Roland Garros: Horacio Zeballos y Marcel Granollers se consagran bicampeones
Una dupla para la historia que reinan otra vez en París y conquistan su tercer título de Grand Slam juntos tras vencer a Harri Heliovaara y Henry Patten

Horacio Zeballos y Marcel Granollers volvieron a escribir una página dorada en París. La dupla hispano-argentina defendió con éxito la corona de Roland Garros y conquistó su tercer título de Grand Slam juntos tras una actuación dominante en la final.
La final enfrentaba a las dos mejores parejas del mundo. Los máximos favoritos, Horacio Zeballos y Marcel Granollers, llegaban como campeones defensores, líderes del ranking por equipos y con dos títulos de Grand Slam en su historial conjunto: Roland Garros y US Open 2025. En semifinales habían derrotado a Simone Bolelli y Andrea Vavassori por 7-6(4) y 6-4, tomándose revancha de recientes derrotas sufridas ante los italianos.

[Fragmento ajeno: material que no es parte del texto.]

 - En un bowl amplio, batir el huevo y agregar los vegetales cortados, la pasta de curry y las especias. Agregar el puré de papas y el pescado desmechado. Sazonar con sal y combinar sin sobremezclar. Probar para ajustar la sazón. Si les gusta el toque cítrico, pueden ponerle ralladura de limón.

Del otro lado aparecían los segundos cabezas de serie, Harri Heliovaara y Henry Patten, campeones de Grand Slam y finalistas tras una sólida campaña en París. El choque reunía por primera vez en la historia reciente de Roland Garros a los preclasificados N°1 y N°2 en la definición masculina de dobles.

La final comenzó con tensión y altísimo nivel. Zeballos y Granollers golpearon primero al aprovechar las imprecisiones de Heliovaara con el saque y consiguieron un quiebre tempranero. Aunque los británico-finlandeses reaccionaron para equilibrar el marcador, la experiencia de los defensores del título terminó inclinando la balanza. Con Granollers dominando desde el fondo y Zeballos firme en la red, la dupla hispano-argentina recuperó la ventaja en el tramo decisivo y cerró el parcial por 6-4 tras 43 minutos de juego.

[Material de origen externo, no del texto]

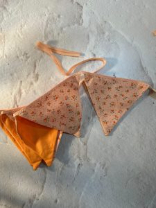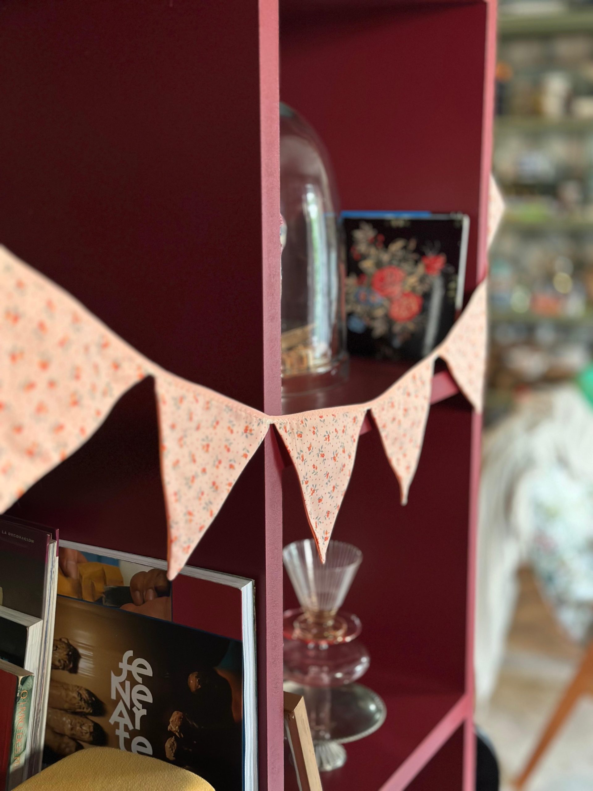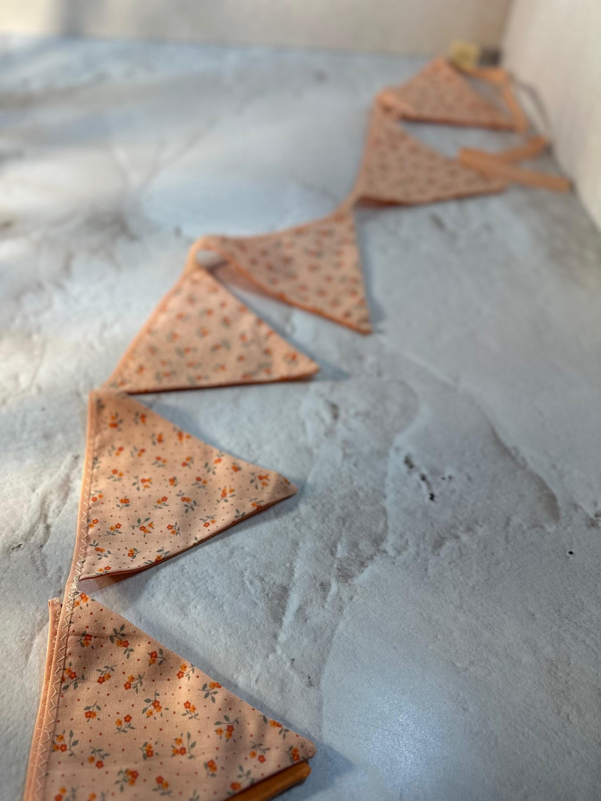 Varal de bandeirinhas feitas em tecido de algodão com estampa floral.

El segundo capítulo fue prácticamente un monólogo de los campeones. Patten cometió errores poco habituales en el inicio y Zeballos-Granollers aprovecharon cada oportunidad para tomar distancia rápidamente. Con el control absoluto de los intercambios y una eficacia notable en los puntos importantes, los números uno del cuadro neutralizaron cualquier intento de reacción de sus rivales. El 6-2 definitivo reflejó la superioridad mostrada durante toda la tarde parisina y selló una defensa impecable del título, lograda sin ceder un solo set en todo el torneo.